この病気の患者さんはどのくらいいるのですか?

この病気の疫学的なデータは明らかになっていませんが、クッシング症候群の術後には、ほとんどの患者さんが潜在的にこの病態になっています。

この病気の原因は何ですか?

ステロイド過量があるとネガティブフィードバックによりACTHが抑制されます。このようにしてACTHが抑制された状態が長期間続くと、正常副腎皮質は萎縮し、適切なホルモン分泌ができなくなります。急なステロイド不足の原因としては、クッシング症候群でステロイド補充の漸減・中止が早すぎた場合、花粉症などアレルギー疾患に対してステロイドを含有している薬剤を内服していながら、そのことに気づかずにアレルギーシーズンが過ぎて投薬を中止してしまった場合などが、比較的高頻度に見られます。自己免疫疾患に対してステロイド薬が投与されていて、病態の改善に合わせて中止する場合は、通常漸減しながら行うので、この病態が見られることは比較的稀です。

この病気は遺伝するのですか?

原因は外因性の要素を多く含んでいるため、一般に遺伝はしないと考えられます。
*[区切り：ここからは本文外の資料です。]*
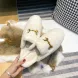 women's plush flat slippers Winter Home and Outdoor Shoes metal decorative design Casual and office mules Large size 41-44
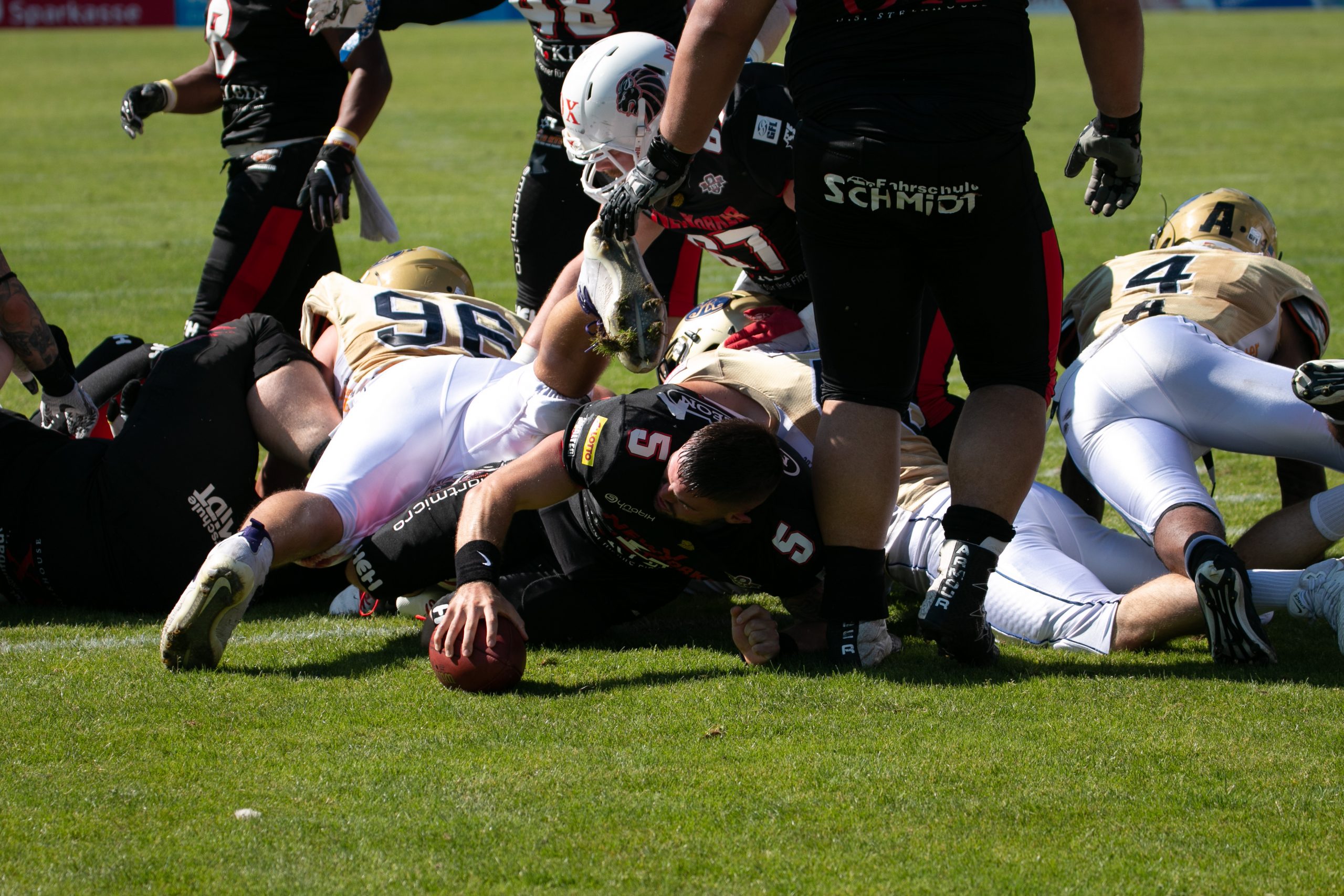 New Yorker Lions, in einem phasenweise hochklassigen Spiel, den Dresden Monarchs knapp mit 24:19

クッシング術後の内因性ホルモンの回復の期間は、個人差が大きいことが知られていますが、遺伝との関連は明らかになっていません。

この病気ではどのような症状がおきますか?

アジソン病と同様に、副腎不全症状として、全身倦怠感、血圧低下、微熱、関節痛などを認めます。血液データで、好酸球増多、低Na血症、高K血症、低血糖なども見られます。高ACTH血症を認めますが、発症前はACTHが抑制されていた病態であり、ACTH高値は長期間ではないため、色素沈着を認めることは稀です。

この病気にはどのような治療法がありますか?

ステロイドの怠薬や中止が原因となっていますので、ステロイド再開により症状は改善します。内因性コルチゾール分泌の早期の回復を促す必要があるため、短時間作用型ステロイドを用いることが一般的です。副腎不全症状が強く、副腎クリーゼを呈している場合は、それに準じた治療を行います。

この病気はどのような経過をたどるのですか?

ステロイド薬を再開した後は、病態に合わせて漸減し、最終的にステロイド薬を中止します。クッシング術後や外因性ステロイド薬中止後のように、いずれ内因性コルチゾール分泌が回復することが期待される場合は、適切に漸減して行けばステロイド薬を中止しても症状は見られなくなります。ステロイド薬の漸減は、自覚症状を目安に行いますが、好酸球数の推移など、他覚的所見も参考にします。短時間作用型ステロイドを投与している場合は、早朝内服前採血を行うことで、内因性コルチゾールの回復の程度を評価することができます。